YOUR TASK: Beginning with the line that contains "将Beyond Beef™烤" and ending with the line that contains "Karral állványos kád", reproduce the lines of the entries below exactly, omitting pictures.

INFORMATION SHOWN:
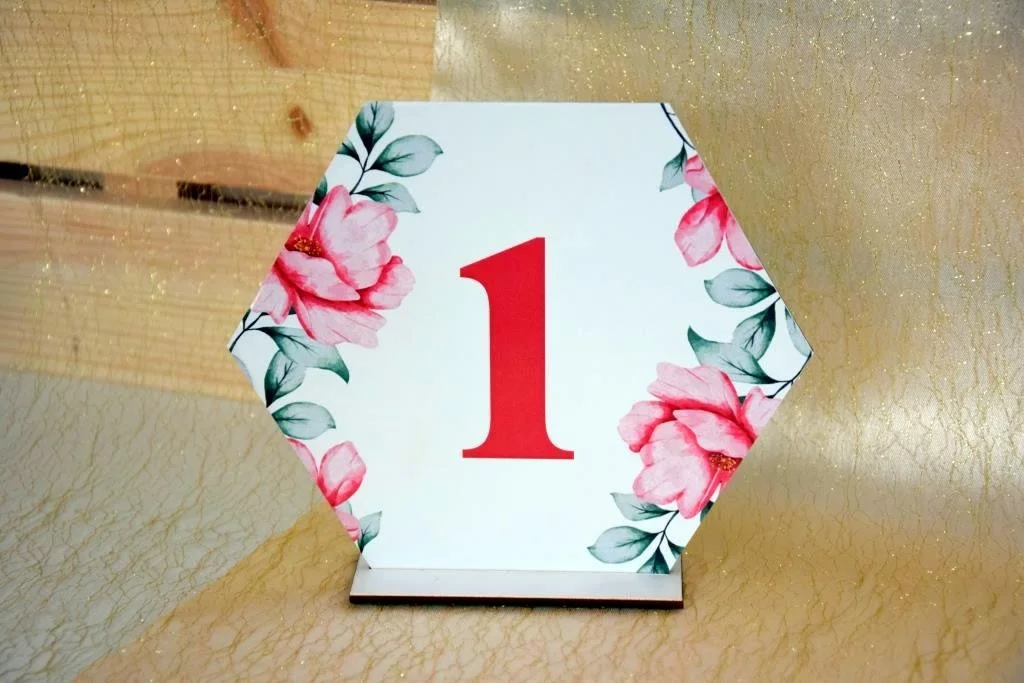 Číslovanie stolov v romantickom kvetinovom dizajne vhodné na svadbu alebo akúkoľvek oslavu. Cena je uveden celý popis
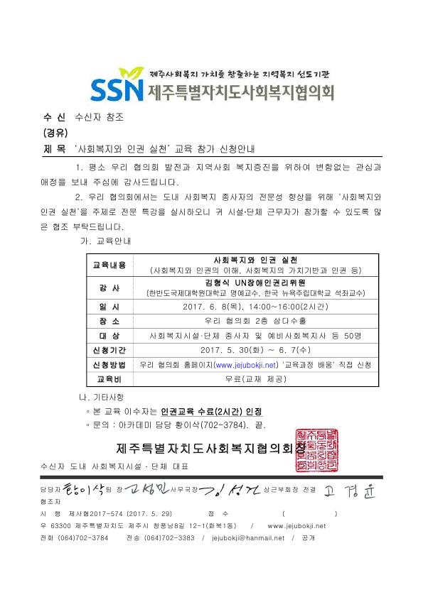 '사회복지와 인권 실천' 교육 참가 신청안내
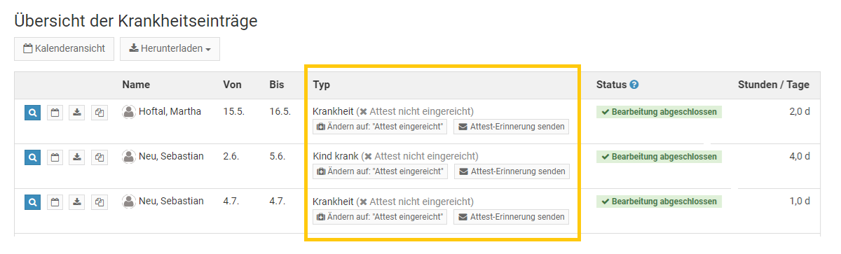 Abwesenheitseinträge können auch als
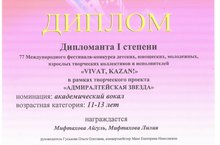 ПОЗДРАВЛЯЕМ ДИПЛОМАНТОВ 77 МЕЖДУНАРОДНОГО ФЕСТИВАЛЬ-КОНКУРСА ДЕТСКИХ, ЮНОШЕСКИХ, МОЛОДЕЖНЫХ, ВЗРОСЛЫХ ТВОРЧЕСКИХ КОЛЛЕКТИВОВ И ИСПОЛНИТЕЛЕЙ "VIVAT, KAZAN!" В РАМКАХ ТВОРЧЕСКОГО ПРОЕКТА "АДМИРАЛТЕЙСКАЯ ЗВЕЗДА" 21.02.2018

* * *

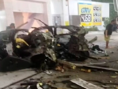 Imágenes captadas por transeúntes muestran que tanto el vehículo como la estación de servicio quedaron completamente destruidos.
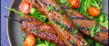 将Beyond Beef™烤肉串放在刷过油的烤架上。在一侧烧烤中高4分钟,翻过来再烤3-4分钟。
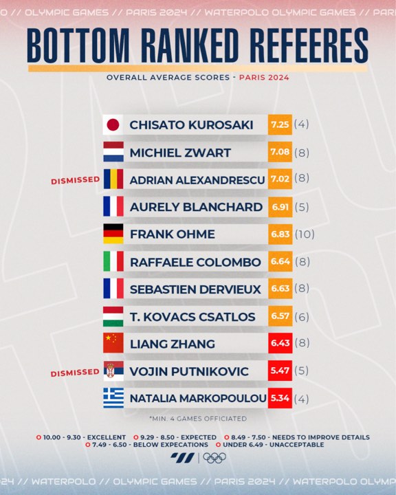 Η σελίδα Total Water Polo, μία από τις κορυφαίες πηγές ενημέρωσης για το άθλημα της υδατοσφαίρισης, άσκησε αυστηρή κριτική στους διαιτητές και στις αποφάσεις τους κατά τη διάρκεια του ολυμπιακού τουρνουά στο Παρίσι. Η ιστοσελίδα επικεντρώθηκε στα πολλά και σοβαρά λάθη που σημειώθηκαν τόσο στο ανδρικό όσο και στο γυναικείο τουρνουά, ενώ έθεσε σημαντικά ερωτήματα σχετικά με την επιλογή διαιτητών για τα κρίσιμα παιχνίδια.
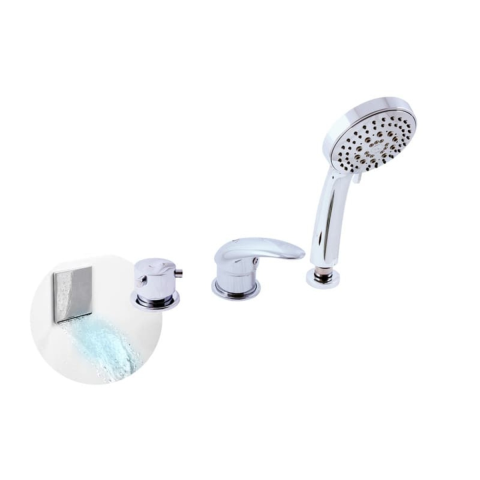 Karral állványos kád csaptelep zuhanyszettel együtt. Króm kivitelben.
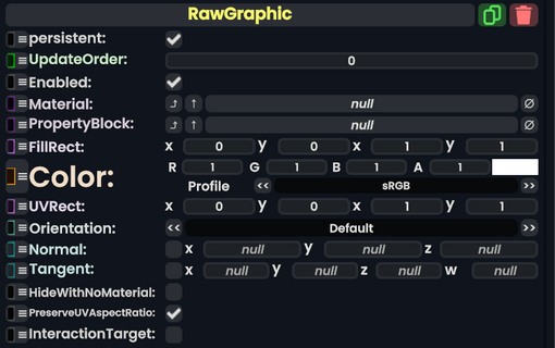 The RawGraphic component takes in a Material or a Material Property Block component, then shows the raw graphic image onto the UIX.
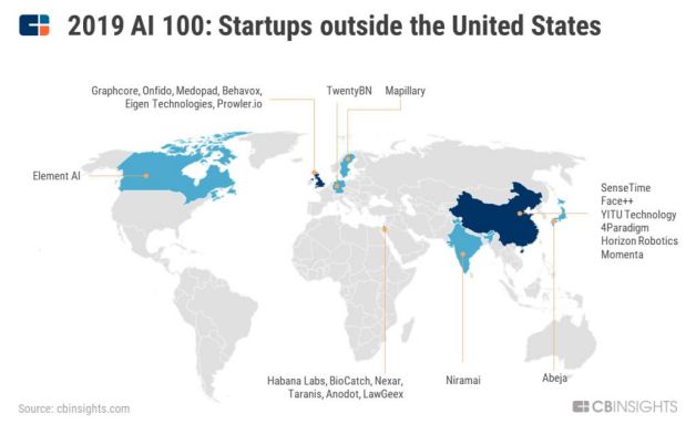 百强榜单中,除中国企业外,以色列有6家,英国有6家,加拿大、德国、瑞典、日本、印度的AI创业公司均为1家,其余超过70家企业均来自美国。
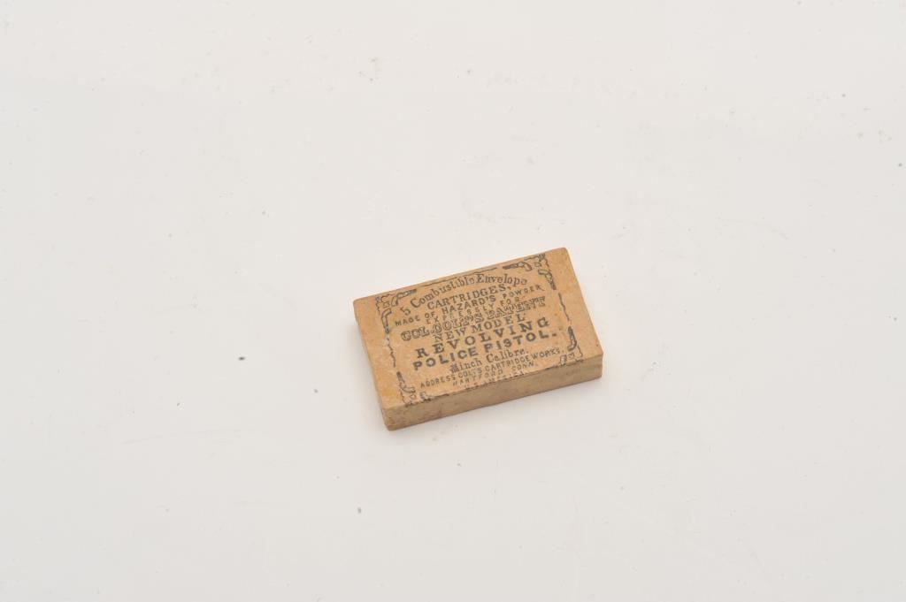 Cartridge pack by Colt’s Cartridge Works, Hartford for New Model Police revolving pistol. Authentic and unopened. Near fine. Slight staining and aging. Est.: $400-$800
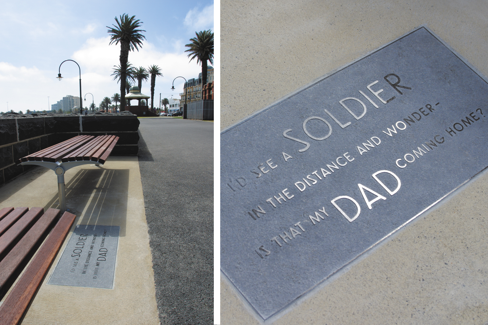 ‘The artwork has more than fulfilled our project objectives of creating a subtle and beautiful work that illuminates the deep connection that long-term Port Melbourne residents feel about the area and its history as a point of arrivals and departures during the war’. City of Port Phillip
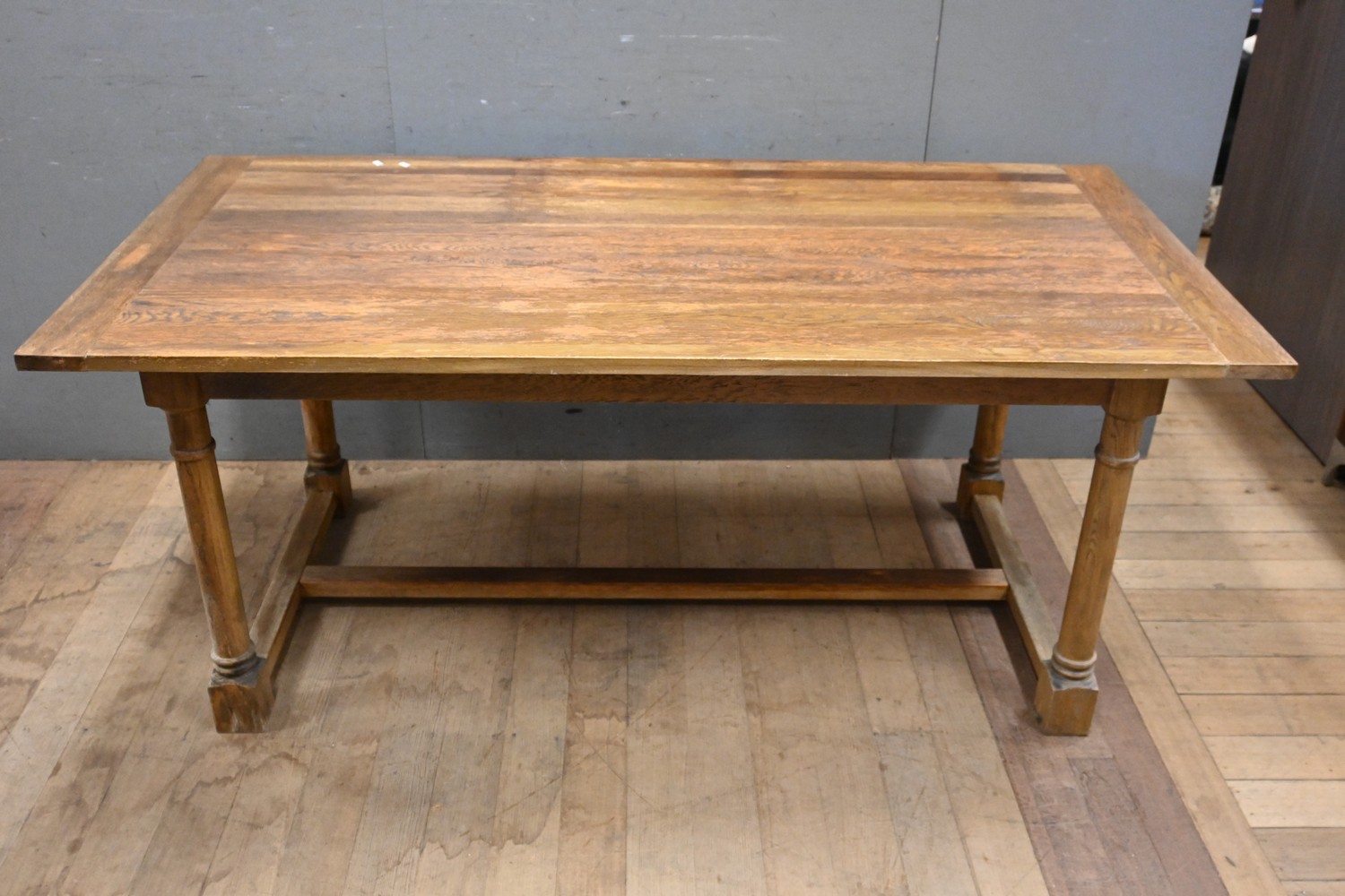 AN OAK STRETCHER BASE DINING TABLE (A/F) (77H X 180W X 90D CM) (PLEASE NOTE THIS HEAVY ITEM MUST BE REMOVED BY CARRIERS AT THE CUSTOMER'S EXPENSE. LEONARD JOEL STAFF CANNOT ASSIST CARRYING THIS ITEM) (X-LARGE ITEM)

YOUR SOLUTION:
 将Beyond Beef™烤肉串放在刷过油的烤架上。在一侧烧烤中高4分钟,翻过来再烤3-4分钟。
 Η σελίδα Total Water Polo, μία από τις κορυφαίες πηγές ενημέρωσης για το άθλημα της υδατοσφαίρισης, άσκησε αυστηρή κριτική στους διαιτητές και στις αποφάσεις τους κατά τη διάρκεια του ολυμπιακού τουρνουά στο Παρίσι. Η ιστοσελίδα επικεντρώθηκε στα πολλά και σοβαρά λάθη που σημειώθηκαν τόσο στο ανδρικό όσο και στο γυναικείο τουρνουά, ενώ έθεσε σημαντικά ερωτήματα σχετικά με την επιλογή διαιτητών για τα κρίσιμα παιχνίδια.
 Karral állványos kád csaptelep zuhanyszettel együtt. Króm kivitelben.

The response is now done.